[What is needed] Below are entries with pictures in them. Output exactly the lines starting at the line with "2017年1月份經(jīng)銷商庫存系數(shù)為1.60" and ending at the line with "Der Windpark mit", both included, but not the pictures.

[Given entries]
—————
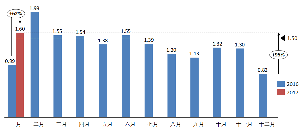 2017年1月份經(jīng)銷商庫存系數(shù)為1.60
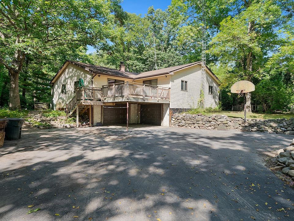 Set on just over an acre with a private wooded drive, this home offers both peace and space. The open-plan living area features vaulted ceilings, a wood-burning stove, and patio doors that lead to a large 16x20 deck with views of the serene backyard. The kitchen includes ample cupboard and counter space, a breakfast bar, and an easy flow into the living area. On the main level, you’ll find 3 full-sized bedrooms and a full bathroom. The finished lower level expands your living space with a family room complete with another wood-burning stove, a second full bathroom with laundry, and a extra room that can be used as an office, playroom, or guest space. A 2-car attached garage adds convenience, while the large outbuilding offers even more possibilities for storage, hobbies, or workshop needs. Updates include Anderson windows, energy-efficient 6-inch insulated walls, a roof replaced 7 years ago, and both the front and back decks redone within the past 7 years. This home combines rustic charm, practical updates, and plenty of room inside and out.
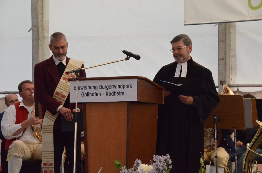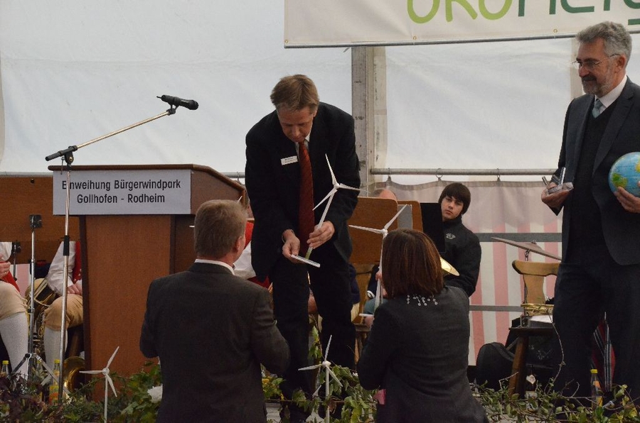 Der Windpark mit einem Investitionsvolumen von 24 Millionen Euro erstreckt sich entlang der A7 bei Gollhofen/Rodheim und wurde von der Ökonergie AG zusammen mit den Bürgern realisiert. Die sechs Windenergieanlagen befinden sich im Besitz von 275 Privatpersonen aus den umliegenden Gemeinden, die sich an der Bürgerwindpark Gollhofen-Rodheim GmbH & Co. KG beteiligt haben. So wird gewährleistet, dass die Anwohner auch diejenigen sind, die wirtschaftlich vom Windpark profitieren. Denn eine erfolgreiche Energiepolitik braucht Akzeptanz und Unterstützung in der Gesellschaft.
—————
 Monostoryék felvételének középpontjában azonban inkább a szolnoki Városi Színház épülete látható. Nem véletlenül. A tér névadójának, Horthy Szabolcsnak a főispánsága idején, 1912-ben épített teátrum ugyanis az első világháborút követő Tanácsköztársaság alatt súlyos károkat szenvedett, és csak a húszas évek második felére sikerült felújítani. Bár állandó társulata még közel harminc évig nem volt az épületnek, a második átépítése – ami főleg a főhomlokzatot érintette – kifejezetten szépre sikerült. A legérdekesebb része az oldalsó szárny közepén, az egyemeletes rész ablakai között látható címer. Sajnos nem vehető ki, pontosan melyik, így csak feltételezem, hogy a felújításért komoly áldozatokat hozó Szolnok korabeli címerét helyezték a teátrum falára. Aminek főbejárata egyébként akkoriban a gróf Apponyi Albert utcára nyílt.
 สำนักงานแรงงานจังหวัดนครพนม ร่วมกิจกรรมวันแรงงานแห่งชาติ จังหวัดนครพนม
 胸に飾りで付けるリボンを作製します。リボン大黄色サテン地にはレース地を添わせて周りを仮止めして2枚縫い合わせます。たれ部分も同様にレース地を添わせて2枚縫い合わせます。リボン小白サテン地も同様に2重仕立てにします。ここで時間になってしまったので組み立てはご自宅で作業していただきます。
—————
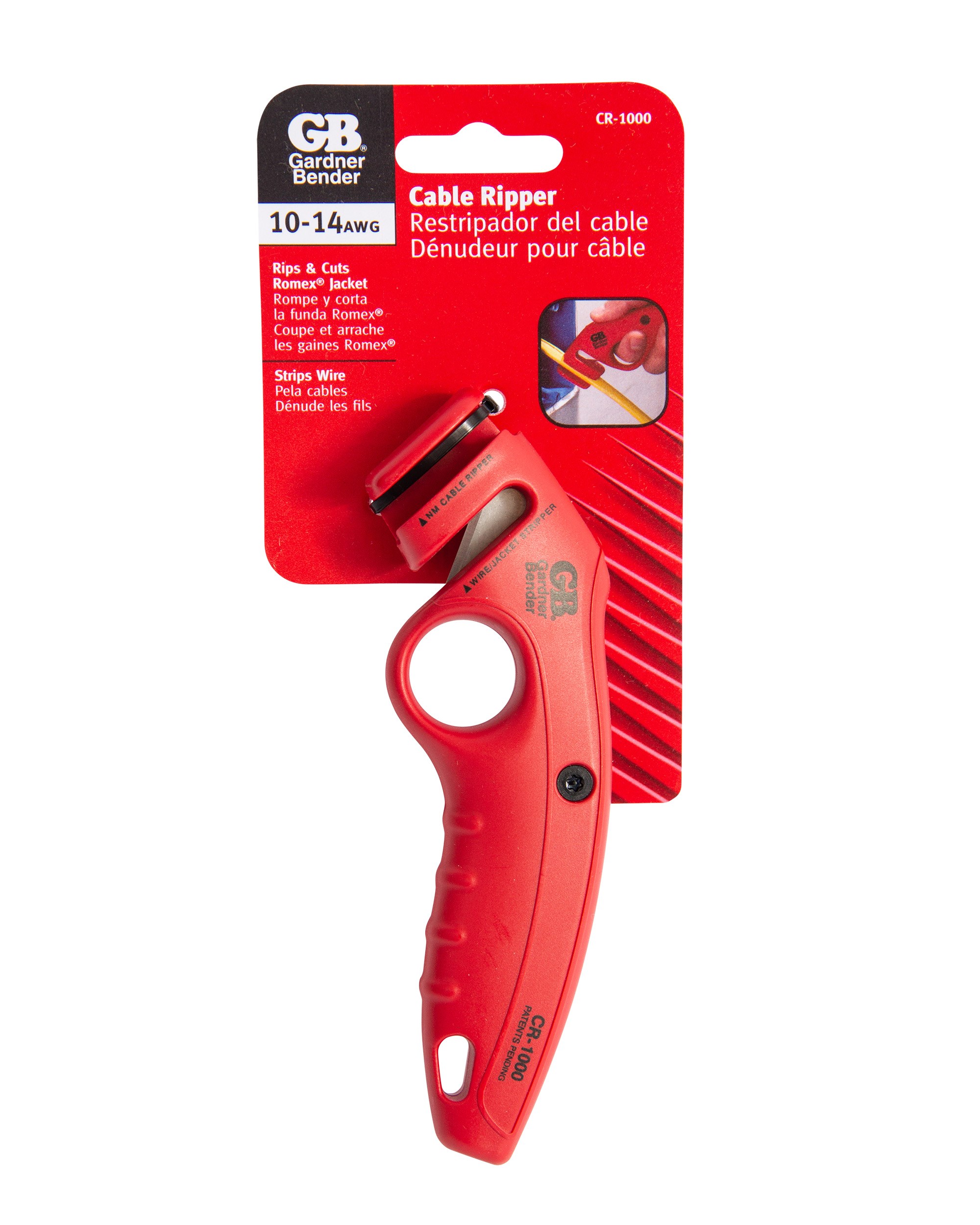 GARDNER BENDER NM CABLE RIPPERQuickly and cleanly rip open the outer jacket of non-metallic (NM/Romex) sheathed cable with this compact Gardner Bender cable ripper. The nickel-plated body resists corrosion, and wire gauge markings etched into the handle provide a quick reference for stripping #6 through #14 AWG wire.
—————
[Task result]
 2017年1月份經(jīng)銷商庫存系數(shù)為1.60
 Set on just over an acre with a private wooded drive, this home offers both peace and space. The open-plan living area features vaulted ceilings, a wood-burning stove, and patio doors that lead to a large 16x20 deck with views of the serene backyard. The kitchen includes ample cupboard and counter space, a breakfast bar, and an easy flow into the living area. On the main level, you’ll find 3 full-sized bedrooms and a full bathroom. The finished lower level expands your living space with a family room complete with another wood-burning stove, a second full bathroom with laundry, and a extra room that can be used as an office, playroom, or guest space. A 2-car attached garage adds convenience, while the large outbuilding offers even more possibilities for storage, hobbies, or workshop needs. Updates include Anderson windows, energy-efficient 6-inch insulated walls, a roof replaced 7 years ago, and both the front and back decks redone within the past 7 years. This home combines rustic charm, practical updates, and plenty of room inside and out.
 Der Windpark mit einem Investitionsvolumen von 24 Millionen Euro erstreckt sich entlang der A7 bei Gollhofen/Rodheim und wurde von der Ökonergie AG zusammen mit den Bürgern realisiert. Die sechs Windenergieanlagen befinden sich im Besitz von 275 Privatpersonen aus den umliegenden Gemeinden, die sich an der Bürgerwindpark Gollhofen-Rodheim GmbH & Co. KG beteiligt haben. So wird gewährleistet, dass die Anwohner auch diejenigen sind, die wirtschaftlich vom Windpark profitieren. Denn eine erfolgreiche Energiepolitik braucht Akzeptanz und Unterstützung in der Gesellschaft.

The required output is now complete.